The Best Parenting Tips For Toddlers From Childcare Professional

Parenting can be challenging at any stage of a child's life, especially if you're a new parent.

You may be comforted to know that decades can go by before you master the "tricks of the childcare trade," which took nanny and child expert Laura Amies 22 years in the industry to learn, she revealed in a viral video on TikTok, where it received over 34,000 likes at the time of writing.

Speaking to Newsweek, Amies—also known as the "Toddler Tamer" from the television documentary series Toddlers Behaving (Very) Badly on Channel 5 in the U.K—said she has "a passion for sharing heartfelt, logical advice which can have a positive impact on family life."

Here we unpack a few of Amies' top parenting tips...

1,2,3...You or Me?

This technique is used "when a child is struggling to toe the line," Amies said in the video, such as when it's not snack time yet your child is clammering up on the side of the kitchen, trying to "hunt out their own snacks."

Or it might be the case that you think your child has had enough time in front of the television and the remote needs to be put away now.

The idea behind this technique is that we want the child to start building "that foundation of making good decisions" and "to understand that even when we don't want to do something, sadly sometimes we've just got to," Amies explained.

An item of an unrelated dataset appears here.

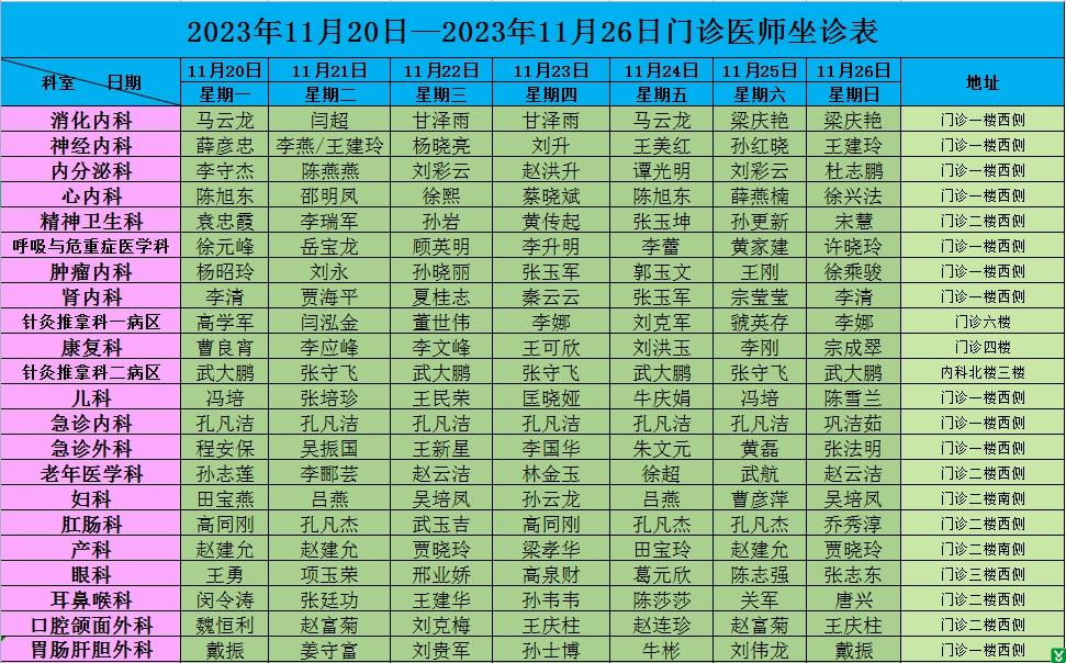 | 标 题: | 沂水县人民医院门诊医师坐诊排班(11月20日-26日) | ||

A woman reading a book to toddler.
A woman reading a book to a toddler on a sofa. A video of a nanny with 22 years of experience in the industry sharing her "tricks of the childcare trade" has gone viral on TikTok. iStock/Getty Images Plus

In an article for the Child Mind Institute, a nonprofit based in New York City, Grace Berman, a licensed clinical social worker (LCSW), said: "The more decisions they [children] can make, the more practice they will have."

It's also crucial to enter a dialogue with your kids about decisions that impact them, such as deciding whether to attend a friend's birthday party, for example.

Clinical psychologist Rachel Busman told the Child Mind Institute: "It's really important to include kids in those conversations because you're modeling a lot of really great skills.

"You're also conveying that your child's thoughts and opinions are important, and that there are many points that go into making a decision," she said.

Use Calm, Clear Simple Language

For example, in the case of the television time scenario, you could tell your child: "I'm going to count to three. When I get to three, you can find a remote for the remote control or I will," Amies said.

Say What You Mean and Mean What You Say

Amies said if kids come to see that we're true to our word it helps them "process where their boundaries lay and respect that what you say is true."

For example, a parent may attempt to influence their child's behavior with threats such as "If you do that, Santa won't bring you any gifts."

Amies said: "In that moment, a child understands that they should behave purely to receive a gift. And the chances are, 'Santa' will ALWAYS bring a gift, so even if the child goes on to behave in a negative way, there's no opportunity to learn where that boundary is."

Follow Through, Be Consistent

Amies said: "Depending on how loose or firm your boundaries are on these kinds of things, it's going to take your child a little while to figure out" where you stand on the matter.

In the case of the aforementioned television scenario, Amies said if you were to tell your child to "put the remote down" and your child said "No!" and then you say "Ugh, fine" before going off and doing whatever you need to do, "your child knows that boundary is quite flexible."

She said: "If that's the situation that you're in, it's totally fine. But just know that you have got to be firm, consistent, calm."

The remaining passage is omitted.